Surgeons can use that objective feedback in conjunction with their surgical coaches or the attendings or their peers, to be able to try to drive more personalized loops, whether it be outside [operating room] practice on SimNow [a surgical system simulator], whether it be reviewing additional videos of particular segments of surgery and best practices from other surgeons, etc.
In the emerging field of surgical data science, what role can Intuitive play?
This is a really exciting area, because objective metrics in surgery haven’t really existed at scale, and the robotic platform facilitates measurement of those. AI technology facilitates extracting clinically meaningful objective metrics that are interpretable by a surgeon around a particular surgical activity. And we’ve been investing in not just building the technology, but also engaging the academic community in ushering in this technology.

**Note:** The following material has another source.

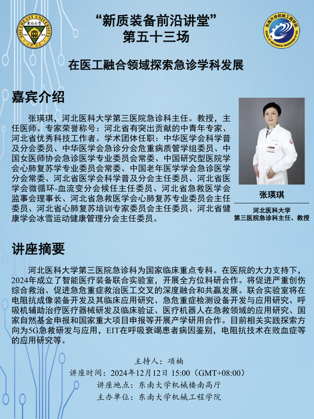 2024年12月12日,由华体会官方端网站登录入口主办的“新质装备前沿讲堂”第五十三场在东南大学机械楼南高厅成功举办。本次活动特别邀请了河北医科大学第三医院急诊科主任张瑛琪教授作为主讲嘉宾,开展了关于“在医工融合领域急诊学科发展”的学术报告。报告会由项楠老师主持,河北医科大学第三医院急诊科副主任李梅、南京航空航天大学姚佳烽老师、朱桂平老师、刘凯老师共同出席了本次活动。

We’ve been fortunate enough to partner with many leading academic universities in the U.S. and in Europe and in Asia, to be able to understand, how do we quantify surgery? How do we break it down into its critical steps? What objective metrics matter for which procedure type for assessing skill, objectively quantifying workflow and correlating to patient outcomes? They’ve been running their research that we’ve been enabling through the peer review process, and really establishing the foundation of the field.
What are the potential benefits of this technology for patients?
One area that our academic partners have been exploring, and we’ve been exploring, is the ability to fuse some of these objective metrics we can surface from the sensors on our robotic platform with patient data to make predictions about patient outcomes. You have a detailed readout of what happened during that really important surgical episode that you can pair with characteristics of that patient to make a prediction of how that patient might recover from surgery.
When we talk about some of our analytics products that are launching to our My Intuitive channel, we hope to scale those broadly across our procedure base. That said, we want to do it responsibly. That’s one of the reasons why we have invested in collaborations and outfitted some of these academic institutions with the ability to vet the technology so that, as we introduce it, it actually has this ongoing validation element to it.